This is a retrospective, descriptive study of 08 children with ACAPA followed in the unit of cardio-paediatrics of the cardiac department, Ibn ROCHD Hospital, over a period of 5 years from September 2018 to September 2023.

The prevalence of ACAPA compared to the number of congenital heart diseases diagnosed during the same study period: 0.16%.

Distribution:

– 2 ALCAPA, and 6 ARCAPA;

– 5 boys, 3 girls;

– Average age: 1 year 9 months.

The most frequent reason for consultation is a food difficulty with the signs respiratory.

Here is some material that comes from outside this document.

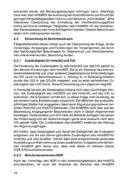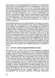 einrichtungen von der zuständigen Behörde zeitnah und in verständlicher, übersichtlicher und vergleichbarer Form zu veröffentlichen. Die zu veröf- fentlichenden Berichte sollen eine von der Einrichtung erstellte Dar- stellung ihres Leistungsangebotes sowie die wesentlichen Feststellungen der zuständigen Behörde umfassen. Hinzu kommen eventuelle Stellung- nahmen von Mitwirkungsgremien und in anderen Prüfverfahren ge- wonnene Informationen, sofern diese die Ergebnisqualität der Wohnein- richtung darstellen (§ 17 WBDurchfVO). Nach § 18 Satz 2 WBDurchfVO hat die Veröffentlichung für alle Bezirke gemeinsam im Internet zu erfolgen, in Satz 3 wird ausdrücklich auf die Geltung von § 10 Abs. 8 HmbTG hingewiesen. Diese Regelung stellt einen sinnvollen Beitrag zur Transparenz von Wohn- einrichtungen dar. Umso bedauerlicher ist es, dass die Veröffentlichungs- pflicht bislang nicht umgesetzt wird. Auf Nachfragen des HmbBfDI hin wurde vertröstet. Im Rahmen der Erstellung des Tätigkeitsberichts hat der HmbBfDI der BGV die Möglichkeit zur Stellungnahme eingeräumt. Diese hat mitgeteilt, dass im Zuge der Evaluation des HmbWBG von externen juristischen Gutachtern Zweifel daran vorgetragen worden sind, ob das Ziel der Verbraucherinformation mit dem derzeit vorgesehenen Verfahren erreichbar ist. Die BGV sieht sich nach eigenen Angaben gezwungen, die Einwände zu prüfen und gegebenenfalls die Modalitäten der Veröffent- lichung der Prüfergebnisse anzupassen. Der HmbBfDI begrüßt, dass die BGV wohl sehr gründlich prüft, bevor die Veröffentlichungspflichten umge- setzt werden. Gleichzeitig ist die momentane Sachlage mit dem geltenden Recht derzeit nicht vereinbar. Der HmbBfDI bleibt weiter mit der BGV in Kontakt. 2.5.2 § 77 Abs. 8 Hochschulgesetz (HmbHochschulG) Mit Wirkung zum 1.7.2014 wurde das Hochschulgesetz grundlegend novelliert und bei dieser Gelegenheit auch eine Veröffentlichungspflicht eingeführt. Nach § 77 Abs. 8 HmbHochschulG unterrichtet das Präsidium die Öffentlichkeit in geeigneter Form über Forschungsvorhaben mit Mitteln Dritter, insbesondere über deren Gegenstände, den Umfang der Mittel Dritter sowie über die Person des jeweiligen Dritten. Dabei sollen die §§ 4, 6 und 7 HmbTG entsprechend angewendet werden. Die Regelung zum Schutz der Forschung in § 5 Nr. 7 HmbTG findet hingegen keine An- wendung. Die BWFG als Aufsichtsbehörde über die Hochschulen hat dem HmbBfDI zu diesem Tätigkeitsbericht erstmalig mitgeteilt, dass man in dieser Regelung keinen Anwendungsfall von § 10 Abs. 8 HmbTG erkennen könne. Es handele sich bei § 77 Abs. 8 HmbHochschulG nicht um eine Veröffentlichungspflicht der FHH, sondern lediglich um eine „Unter- richtungspflicht“ der genannten staatlichen Hamburger Hochschulen. 16

ECG showed in 2 patients a Q wave of necrosis which is a very specific sign of the disease.

TTE: shows indirect signs such as hypokinetic dilated cardiomyopathy which is present in all our patients, valvular leaks are also frequent. Direct signs are less frequent and difficult to objectivise: absence of visualization of the origin of the coronary artery a the base of the aorta, or visualization of the hyper refractile endocardium, with image abnormal birth of a coronary artery.

Cardiac catheterization with angiography is performed in case of diagnostic doubt.

After the positive diagnosis, 5 of our patients underwent surgery, only 1 patient died in the post-operative follow-up, the evolution was favorable for the 4 other patients.